Google Wave is not about text, it’s about data infrastructure

Google unveiled a new service called Google Wave, a new live communication and collaboration platform. This new wave got some attention and lot’s of rumors started with speculations and predictions about how it would impact e-mail, instant messaging, and even Twitter.

Those articles were somehow superficial and focused too much on people “immediate” (as in chat) communication and collaboration. Like instant messaging wasn’t real time enough so Google came up with an upgrade with it’s new web application.

IMHO that’s only the tip of the iceberg. It’s not simply an improved way of communication. Putting directly: Google Wave is not about text it’s about data!

In order to understand Google Wave, we need to take a look at Google’s mission. If you visit the company’s website you can read it: “Google’s mission is to organize the world’s information and make it universally accessible and useful.”

Today they already know the current state of most somewhat-static data. Google’s Search Engine robots crawl’s the entire web gathering data from web pages processing html and the related separating presentation data and scripts from semantic data. They actually do a nice work and as the time passes they can identify trends and people’s behavior.
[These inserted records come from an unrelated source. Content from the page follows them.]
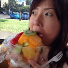 あふれ出そうなくらい、盛りだくさんのフルーツです。
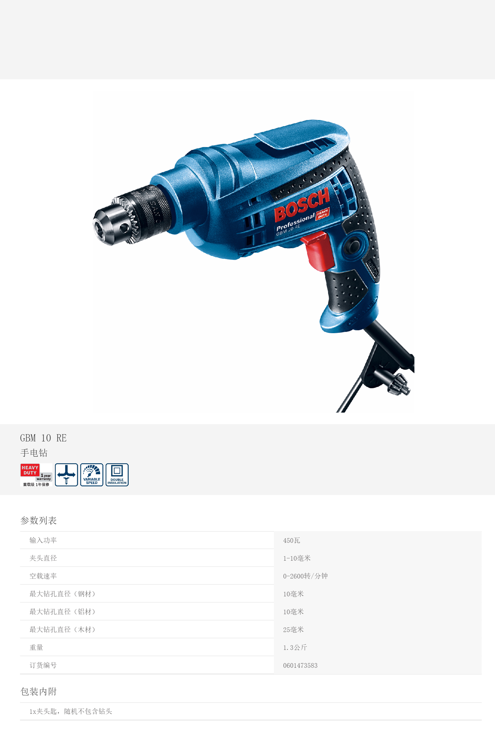 產(chǎn)品名字:博世手電鉆GBM10RE
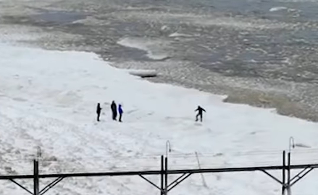 New drone footage captured a series of close calls on Lake Michigan this weekend as visitors ignored safety warnings to walk on dangerous “shelf ice.”
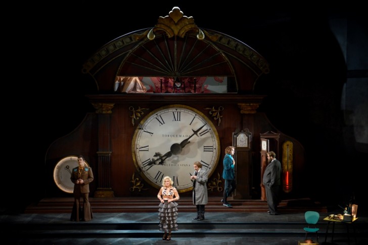 Particulièrement astucieuse, la mise en scène de Bruno Ravella se plaît à tisser des liens entre deux œuvres conçues à la même époque, toutes deux ressortissant du registre du comique mais d'esprit et de tonalité radicalement différents. On voit mal en effet, de prime abord, ce qui peut relier le subtil marivaudage de Ravel, plein de sous-entendus volontiers grivois, à la farce de Puccini, encore toute empreinte des conventions et de l'esprit de la commedia dell'arte. Autant Gianni Schicchi est imprégné de références à la ville de Florence – superbe vue sur le Duomo en toute fin de spectacle –, autant L'Heure espagnole est marquée de renvois à Tolède, au Guadalquivir, à l'Estrémadure et à tous les clichés associés au monde ibérique. Si l'ouvrage de Ravel raconte les déboires d'un ménage aux prises avec les épreuves du temps, celui de Puccini n'évoque qu'en filigrane les amours juvéniles de Lauretta et de Rinuccio, pourtant les grands triomphateurs au final du stratagème ourdi par Schicchi. C'est donc un élément scénique fort, adapté aux nécessités et aux spécificités de l'action, qui va unir les deux ouvrages pratiquement contemporains, reliés ici par la présence monumentale d'une immense horloge permettant de signifier aussi bien le passage de la fameuse heure « espagnole » chez Ravel que l'arrêt du temps, avec la mort de Buoso Donati, chez Puccini. Dans L'Heure espagnole, l'essentiel de l'action est donc situé à l'intérieur de l'horloge, notamment dans la partie supérieure censée représenter l'intérieur de la chambre de Concepción ; les ébats qui s'y déroulent – ou plutôt qui ne s'y déroulent pas, au grand dam de la dame… – sont suggérés par l'espace tronqué que laisse entrevoir le fronton de l'horloge, légèrement soulevé. Dans Gianni Schicchi, la pendule à l'arrêt est remisée sur le côté de la scène, mais elle reste un élément central dans la chambre du défunt. À la fin de l'acte, elle figurera le clocher d'où les jeunes amants contemplent la superbe vue sur Florence. C'est ainsi dans ces deux ingénieux décors, situés respectivement dans les années 1940 et 1980, qu'évoluent de jeunes et brillants acteurs, dont le jeu parfaitement rôdé irait presque jusqu'à évoquer cette mécanique parfaitement huilée, autant pour le batifolage de Concepción et de ses quatre soupirants que pour les agissements crapuleux de la famille et des connaissances de Buoso Donati. La mise en scène, pour les deux ouvrages, fourmille d'idées et de gags à la grande joie d'un public conquis dès les premiers instants de la soirée.

To fulfill it’s mission, Google needs more. It must know all information, at least all publicly available information by the time it is created, so Google can reduce the lead time for organizing and make it useful and available.

So here enters the new Google Wave, that will act as a distributed data processing pipeline.

Google’s announced that it was a new platform for communication and collaboration. But, this wave can go deep into the “communication” definition, transcending the simple layer that we all know about exchanging text messages to describe ideas, and build it’s representation: a document.

That’s not the first time Google tried something like that. Google Base was an attempt to group data and enable people to publish it. But Google Base wasn’t “fluid” and collaborative enough. There are lot’s of data that should be kept private and those data are stored in specific in house ways. This works as an entrance barrier, turning Google Base integration, a task with little appeal.

Google Wave solve this problem by being an open source platform divided in Client, Server and Protocol based on a real-time publishing strategy using the operational transformation technology.

This enables companies to have their on Wave Servers where some waves are kept private and other can be shared with another Wave Servers through the Google Wave Federation Protocol.

So basically any person’s action in the real world could generate a Wave transformation. Imagine that you buy something with your credit card. Your bank’s robot could publish this transaction, then your company’s ERP system could have a robot that monitors that wave and updates the company’s private cash flow wave, hosted on your own wave server.

Another internal robot, then updates the company’s public balance that is available in some shared wave that is visible to the internet through the Wave Federation Protocol providing transparent real-time information to investors that could have robots capable of using Wave’s Playback features to analyze the balance document history and evolution through time.

This new way to transit and persist data make lot’s of sense if you analyze Google’s effort’s on developing it’s distributed storage named Big Table and making it available to users through Google App Engine. Then you can see a strong movement on the web development community to study and improve persistence strategies with initiatives like CouchDB.

It’s a new way to think the dynamics of data life cicle. It’s a new change from a imperative way of computing and storing data, defining how it is persisted at the minimal structured level, to a more declarative way of publishing data changes and letting the structure evolve as needed.